French President Emmanuel Macron, following a meeting with US President Donald Trump, asserted in a Sunday report by Le Journal du Dimanche that the American leader may walk back a previous declaration to withdraw his country from the historic 2015 Paris accord.
In asserting that Trump would go back on his earlier pledge to withdraw the US from the climate change agreement — a move decried globally — Macron stated that the US president "told me that he would try to find a solution in the coming months."
The newly elected French president, in describing his Paris meeting with Trump last week — part of a state visit honoring France's Bastille Day — stated, "We spoke in detail about the things that could make him come back to the Paris accord."

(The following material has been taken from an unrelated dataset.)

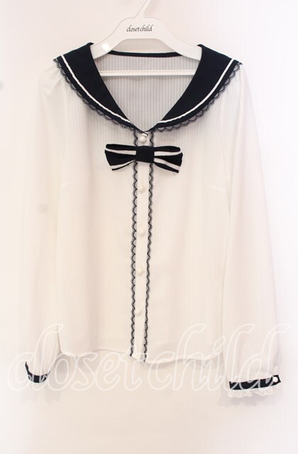 Secret Honey / シャドーストライプセーラーブラウス シロ×ネイビー O-25-10-21-091-CA-BL-IG-OS [2100080000062124-O-25-10-21-091-CA-BL-IG-OS]

Trump and his advisors have described the historic 2015 climate change mitigation agreement — a cornerstone of the foreign policy legacy of former US President Barack Obama — as weak, particularly with regard to providing incentives to polluters in India and China to lower emissions, while concurrently being too hard on US industry.

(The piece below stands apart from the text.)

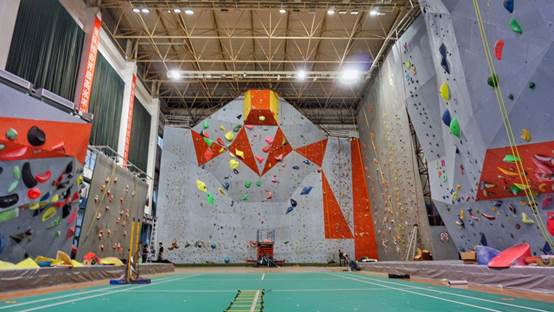 williamhill中文攀岩馆岩壁最高15米,两边13米,最长屋檐5米,小屋檐3米半,国际标准速度赛道和速度赛岩壁,高15米,倾斜度15°以及8组标准抱石墙。岩馆内配备一间专业的训练房,在训练房里有大斜板、大屋檐、直板、自制的指力板等一系列的专项技术练习的场地。目前是国家攀岩集训队、湖北省攀岩队的训练场地,也是国内高校最为专业和完备的攀岩馆。

On Friday, the US president and his administration appeared to be softening their tone with regard to the accord, suggesting that modified terms to the deal that favor US industry could see Washington rejoin the rest of the world in support of the treaty, Reuters reports.
The unprecedented Paris Climate Accord was adopted on December 12, 2015, by 196 parties around the world. It seeks to curb global warming to a maximum of two degrees by 2100 by instigating pledges to cut carbon dioxide and other emissions created through the burning of fossil fuels.